Task input Start Marker

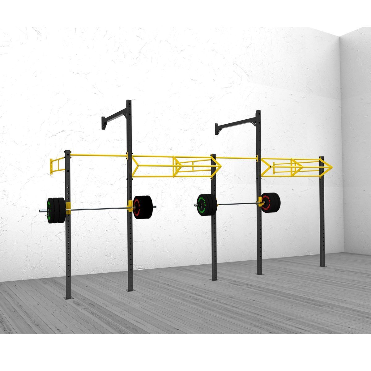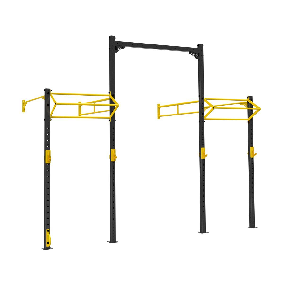 А0324 Функциональная рама 1100-1100.Функциональная рама для кроссфита – неотъемлемый атрибут любого crossfit-зала, универсальное решение необходимое для проведения комплексных тренировок и выполнения силовых упражнений.Основные элементы рамы выполнены из профильной трубы 80*80*3 мм,трубы d32 мм и листов металла 8 и 10 мм. Состав:Стойка перфорированная 80х80, ZSO-2680 — 4 шт Перекладина двойная d32/48, ZSO-1100- 2 шт Перекладина одинарная d32, ZSO-1100 — 2 шт Крюки для штанги, ZSO, (пара)- 2 шт
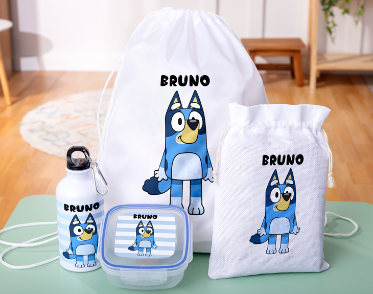 No olvides personalizar todos los elementos del kit, para que queden preciosos y tu peque empiece el cole con toda la energía y diversión, igual que Bluey, el perrito más simpático y divertido de la tele.
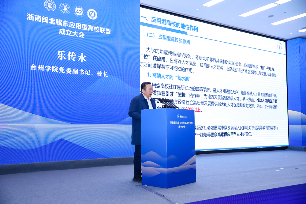 12月14日上午,由温州理工学院联合三明学院、宁德师范学院、赣东学院共同发起的“浙南闽北赣东应用型高校联盟”在温州理工学院成立并启动,校长、党委副书记乐传永作为特邀专家作《应用型高校建设的逻辑与路径选择》主旨报告。
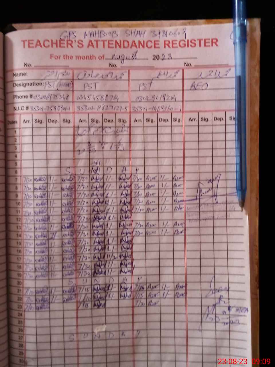 | Name: NA**** AK**** Designation: (School Headmaster's/Headmistress's) PST Phone/Cell Number: 03**** |
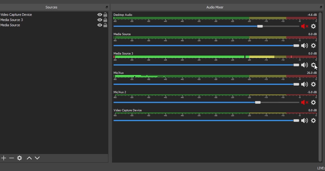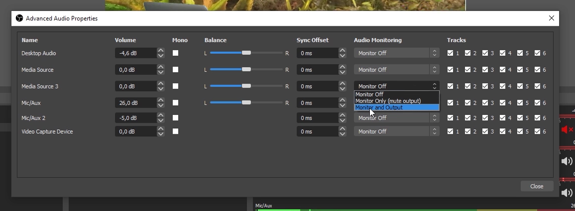 - If you add a new source a new audio track will be created as well, if you want the audio to play back on the stream:
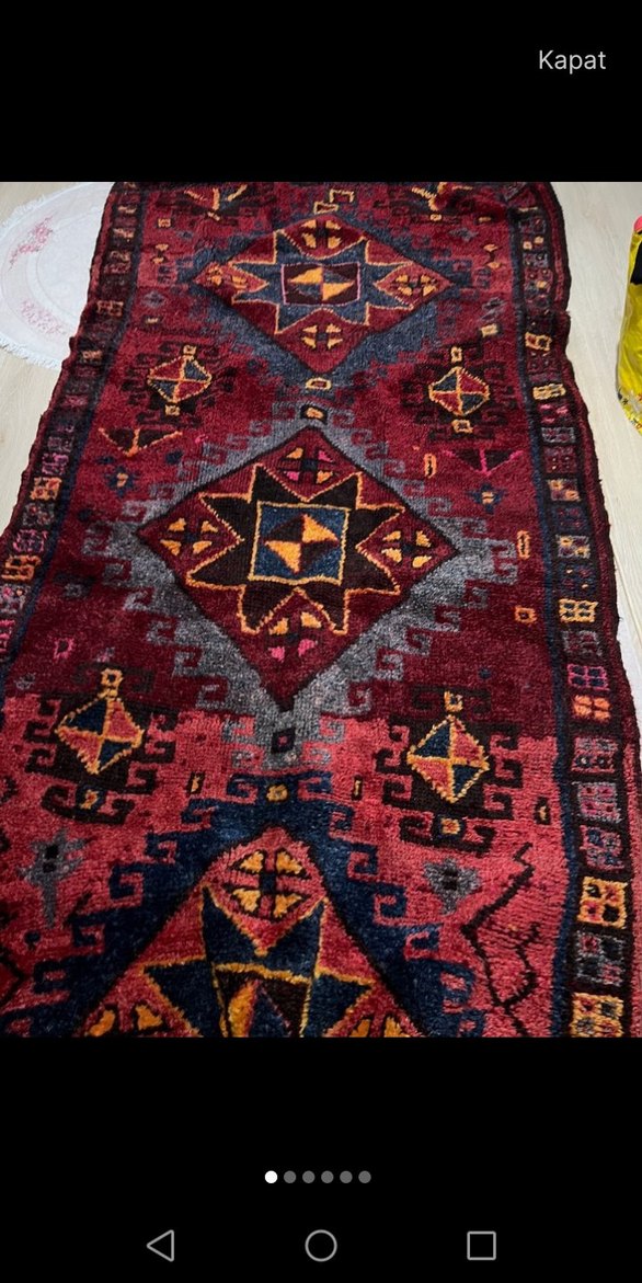 Bu geleneksel halı, bordo renginde koyu tonlara sahip ve mavi, sarı ile kırmızı desenlerle süslenmiştir. Her mekâna klasik bir hava katar.
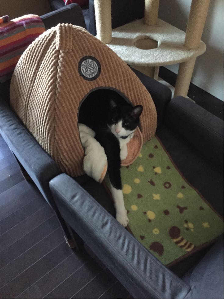 みそちゃんのために 椅子をふたつ向かい合わせてるのかな? 立派なベッドですね~(*^_^*)
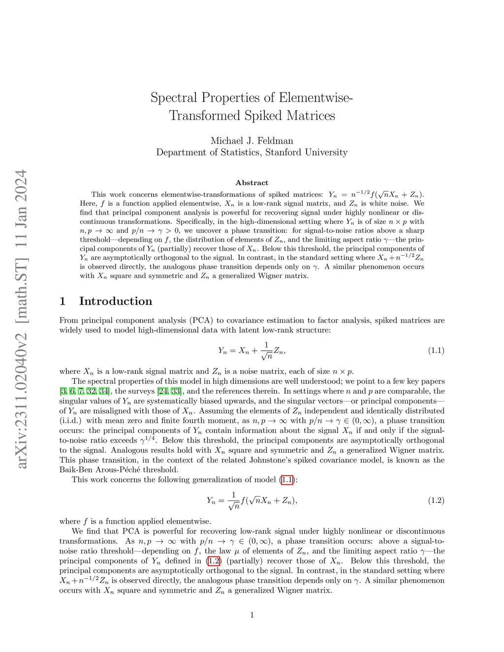 This work concerns elementwise-transformations of spiked matrices: . Here, is a function applied elementwise, is a low-rank signal matrix, is white noise, and is an integer. We find that principal component analysis is powerful for recovering low-rank signal under highly non-linear and discontinuous transformations. Specifically, in the high-dimensional setting where is of size with and , we uncover a phase transition: for signal-to-noise ratios above a sharp threshold -- depending on , the distribution of elements of , and the limiting aspect ratio -- the principal components of (partially) recover those of . Below this threshold, the principal components are asymptotically orthogonal to the signal. In contrast, in the standard setting where is observed directly, the analogous phase transition depends only on . Analogous phenomena occur with square and symmetric and a generalized Wigner matrix.

Task input End Marker

Instructions for the task:
From the line that contains "- If you add" to the end of the material above, output every line exactly, both ends included, but leave out any pictures.

Your response:
 - If you add a new source a new audio track will be created as well, if you want the audio to play back on the stream:
 Bu geleneksel halı, bordo renginde koyu tonlara sahip ve mavi, sarı ile kırmızı desenlerle süslenmiştir. Her mekâna klasik bir hava katar.
 みそちゃんのために 椅子をふたつ向かい合わせてるのかな? 立派なベッドですね~(*^_^*)
 This work concerns elementwise-transformations of spiked matrices: . Here, is a function applied elementwise, is a low-rank signal matrix, is white noise, and is an integer. We find that principal component analysis is powerful for recovering low-rank signal under highly non-linear and discontinuous transformations. Specifically, in the high-dimensional setting where is of size with and , we uncover a phase transition: for signal-to-noise ratios above a sharp threshold -- depending on , the distribution of elements of , and the limiting aspect ratio -- the principal components of (partially) recover those of . Below this threshold, the principal components are asymptotically orthogonal to the signal. In contrast, in the standard setting where is observed directly, the analogous phase transition depends only on . Analogous phenomena occur with square and symmetric and a generalized Wigner matrix.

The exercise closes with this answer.